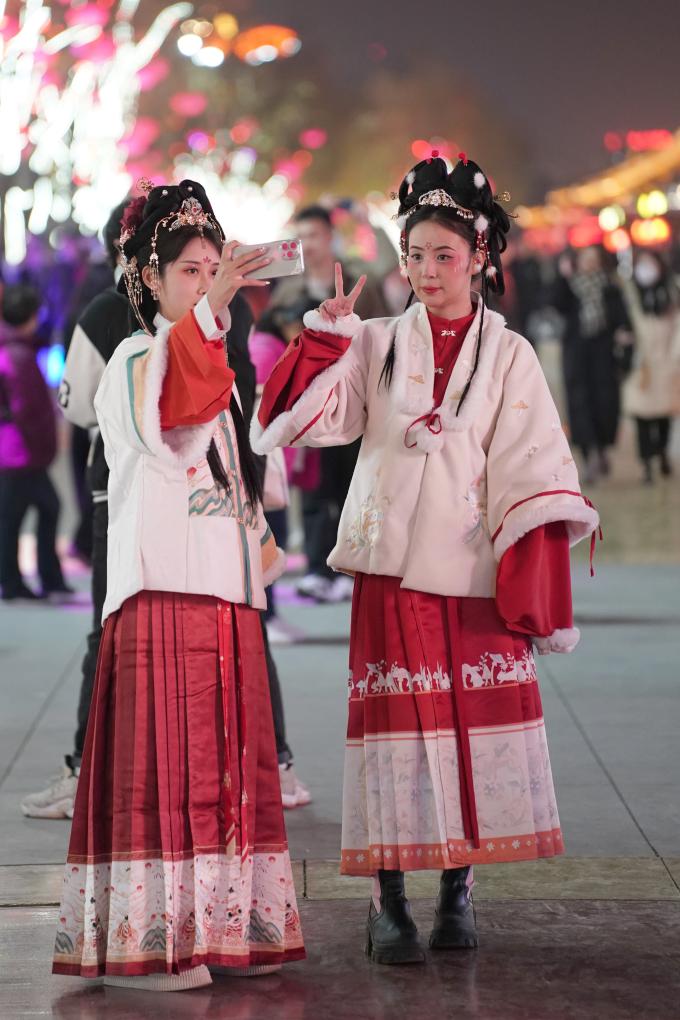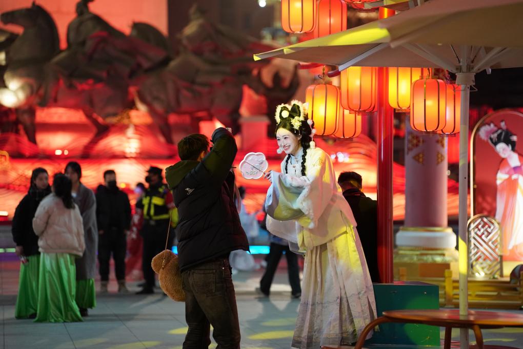 Tourists visit the Datang Everbright City scenic area in Xi'an, northwest China's Shaanxi Province, Dec. 6, 2023. (Xinhua/Shao Rui)
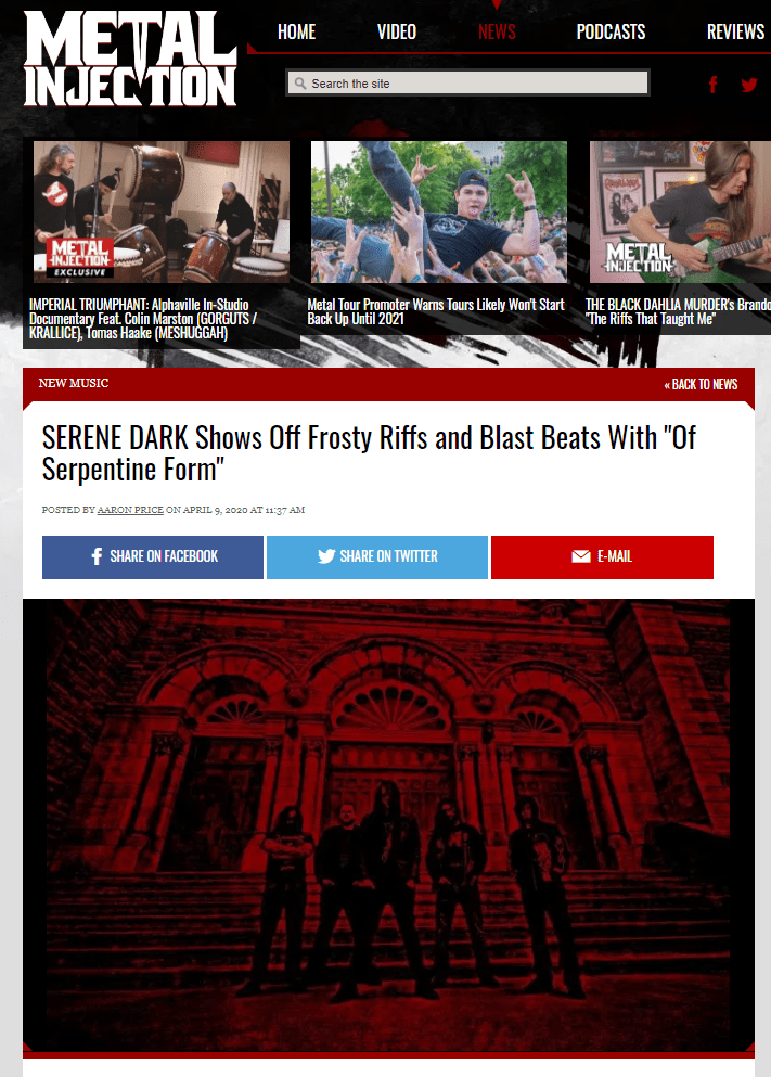 Serene Dark Premiere Music Video “Of Serpentine Form” via MetalInjection
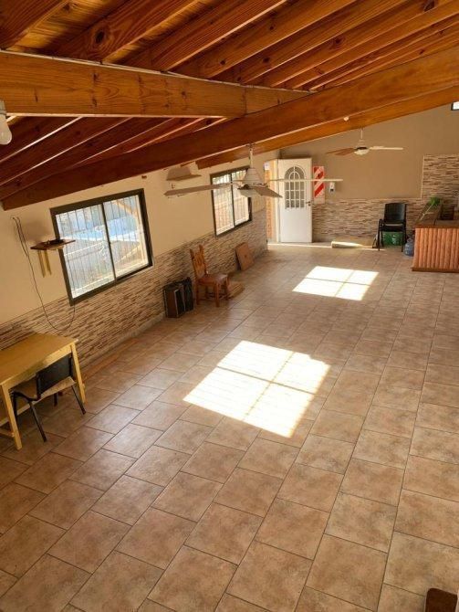 Amplio Salón con entrada independiente desde el frente que mide 8.40m x 29m con 2 baños. Su estructura se compone de techos de losa (apto para construir en altura), columnas de hormigón armado, paredes de 30cm, pisos de mosaico, y 5.50m de altura. Posee entrepiso de 4.60m x 8.40m.
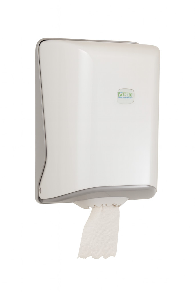 Vialli tekercses kéztörlő adagoló. 19 cm átmérőjű belső mag adagolású papír kéztörlővel használható. Az adagoló nyílása tépőfogakkal van ellátva, így perforált és perforáció nélküli papírral is használható.
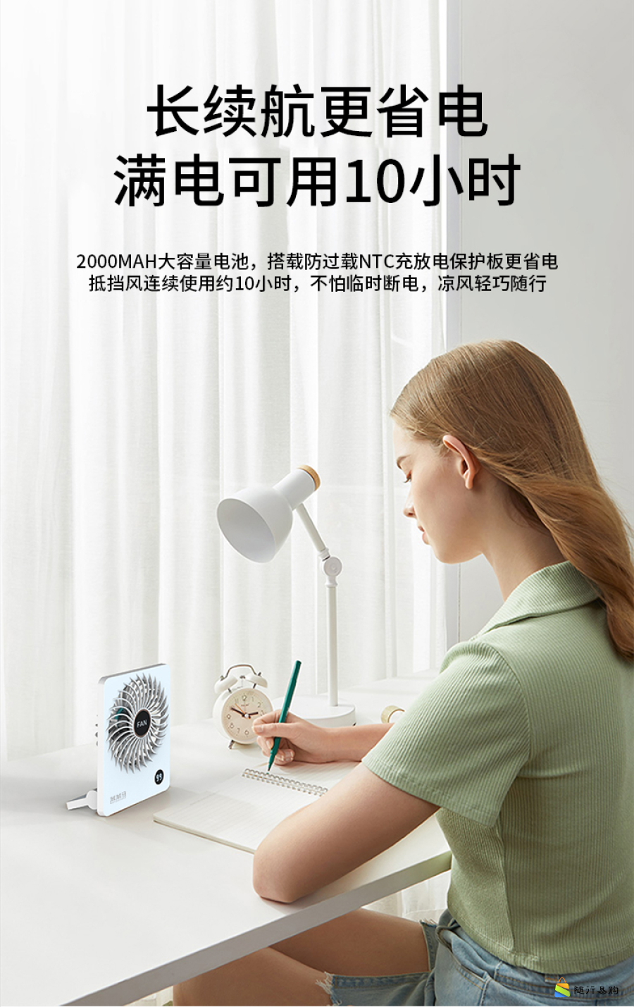 大扇面带香薰桌面小风扇USB可充电大风力便携电风扇BF10
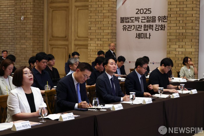 [서울=뉴스핌] 최지환 기자 = 한금석 강원랜드 카지노본부장 직무대행이 27일 오후 서울 강남 라움아트센터에서 열린 2025 불법도박 근절을 위한 유관기관 협력 강화 세미나에 참석해 있다. 왼쪽부터 신미경 한국도박문제예방치유원 원장, 이진식 사행산업통합감독위원회 사무처장, 한금석 강원랜드 카지노본부장 직무대행, 박준휘 한국범죄학회 회장. 2025.06.27 choipix16@newspim.com

::::

> [TASK STATEMENT]:
Please print every record exactly as written, without the pictures.

> [WRITTEN SOLUTION]:
 Tourists visit the Datang Everbright City scenic area in Xi'an, northwest China's Shaanxi Province, Dec. 6, 2023. (Xinhua/Shao Rui)
 Serene Dark Premiere Music Video “Of Serpentine Form” via MetalInjection
 Amplio Salón con entrada independiente desde el frente que mide 8.40m x 29m con 2 baños. Su estructura se compone de techos de losa (apto para construir en altura), columnas de hormigón armado, paredes de 30cm, pisos de mosaico, y 5.50m de altura. Posee entrepiso de 4.60m x 8.40m.
 Vialli tekercses kéztörlő adagoló. 19 cm átmérőjű belső mag adagolású papír kéztörlővel használható. Az adagoló nyílása tépőfogakkal van ellátva, így perforált és perforáció nélküli papírral is használható.
 大扇面带香薰桌面小风扇USB可充电大风力便携电风扇BF10
 [서울=뉴스핌] 최지환 기자 = 한금석 강원랜드 카지노본부장 직무대행이 27일 오후 서울 강남 라움아트센터에서 열린 2025 불법도박 근절을 위한 유관기관 협력 강화 세미나에 참석해 있다. 왼쪽부터 신미경 한국도박문제예방치유원 원장, 이진식 사행산업통합감독위원회 사무처장, 한금석 강원랜드 카지노본부장 직무대행, 박준휘 한국범죄학회 회장. 2025.06.27 choipix16@newspim.com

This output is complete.